Mais quels métiers pour elle ? D'abord tous les métiers du soin : aide-soignante, infirmière, plus rarement médecin. Les métiers para-médicaux, les métiers de la petite enfance, les métiers de l'enseignement (toujours les enfants!). Il y avait les métiers pour les hommes (glorieux, mieux payés, mais difficiles d'accès pour les femmes) et ceux pour les femmes (peu valorisés, peu valorisants, peu payés...)

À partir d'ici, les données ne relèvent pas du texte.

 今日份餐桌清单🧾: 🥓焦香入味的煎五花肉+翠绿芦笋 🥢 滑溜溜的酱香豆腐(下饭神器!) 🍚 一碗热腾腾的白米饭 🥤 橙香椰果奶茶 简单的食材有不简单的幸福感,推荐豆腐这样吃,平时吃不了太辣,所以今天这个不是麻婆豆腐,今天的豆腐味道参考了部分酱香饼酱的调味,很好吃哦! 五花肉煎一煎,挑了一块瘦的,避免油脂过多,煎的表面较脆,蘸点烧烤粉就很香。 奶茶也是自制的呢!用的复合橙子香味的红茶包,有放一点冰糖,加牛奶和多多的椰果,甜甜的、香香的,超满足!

Alors quand un homme est malade et va mourir, il a autour de lui sa mère - si elle est encore en vie - , sa femme, sa compagne, sa fille, ses filles, une infirmière... Il est entouré, sa femme tient à lui. Elle craint aussi de ne plus vivre comme avant avec sa pension de réversion ? Fréquent... et compréhensible pour des petites retraites, avec des femmes qui ont sacrifié leur carrière pour leur famille (elles préfèrent voir la vie de leur mari prolongée). Les autres femmes le dorlotent et il en profite très égoïstement, comme d'habitude...
Mais quand une femme âgée (et même pas si âgée que ça) va mourir, quel compagnon - si elle en a encore un - va la soutenir ? Nombre de femmes âgées vivent seules, veuves ou divorcées, quelques-unes sont célibataires de tous temps. Et nombre d'entre eux fuient...

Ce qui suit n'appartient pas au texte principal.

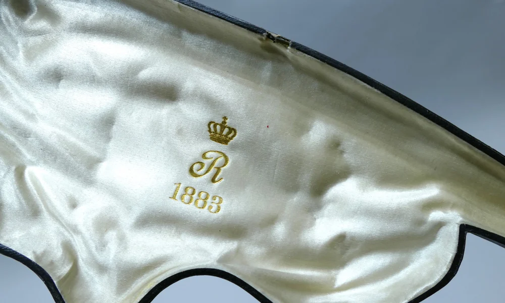 Cygarniczka znajduje się w oryginalnym skórzanym etui ze złotą literą ,,R” i koroną. Jego wnętrze zostało wyłożone niebieskim aksamitem i białym jedwabiem również ze złotą literą ,,R” i koroną oraz datą „1883”.

Récemment, j'ai rencontré une jeune femme très malade, qui allait mourir bientôt. Son mari voulait la jeter hors de chez elle pour récupérer l'appartement acheté à deux. Et au lieu de porter plainte (avec quelles preuves ? et pas la force), elle pensait à accélérer sa mort...

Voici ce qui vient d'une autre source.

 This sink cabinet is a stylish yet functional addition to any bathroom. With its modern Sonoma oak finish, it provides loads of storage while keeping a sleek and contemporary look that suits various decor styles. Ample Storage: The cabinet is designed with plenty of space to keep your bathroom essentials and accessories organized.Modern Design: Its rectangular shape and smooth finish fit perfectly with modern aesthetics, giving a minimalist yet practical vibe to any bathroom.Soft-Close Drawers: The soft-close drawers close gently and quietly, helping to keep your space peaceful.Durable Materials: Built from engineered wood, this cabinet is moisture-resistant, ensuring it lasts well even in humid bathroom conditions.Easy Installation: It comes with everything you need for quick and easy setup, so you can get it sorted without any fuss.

Je n'en étais pas là. Mais autrefois, mon mari ne supportait pas que je sois malade (asthme allergique). Il refusait de fumer dehors quand le tabac me rendait malade. J'ai divorcé, il m'a poussée dehors en installant une autre femme à la maison, malgré nos trois enfants encore jeunes. C'est loin... j'ai préféré fuir avec eux. Aucun regret, bien qu'il m'ait dépouillée au maximum... Aucun soutien de ma famille : le divorce était honteux. Ma belle-famille a même poussé jusqu'à rejeter nos enfants... Bien sûr, je connais des hommes qui ont soutenu leur femme ou leur mère, leur fille, dans la maladie et la mort. Mais ils sont rares. Allez faire un tour dans les maisons de retraite et les EHPAD : la grande majorité des résidents sont des femmes... et la grande majorité des aidants sont des femmes.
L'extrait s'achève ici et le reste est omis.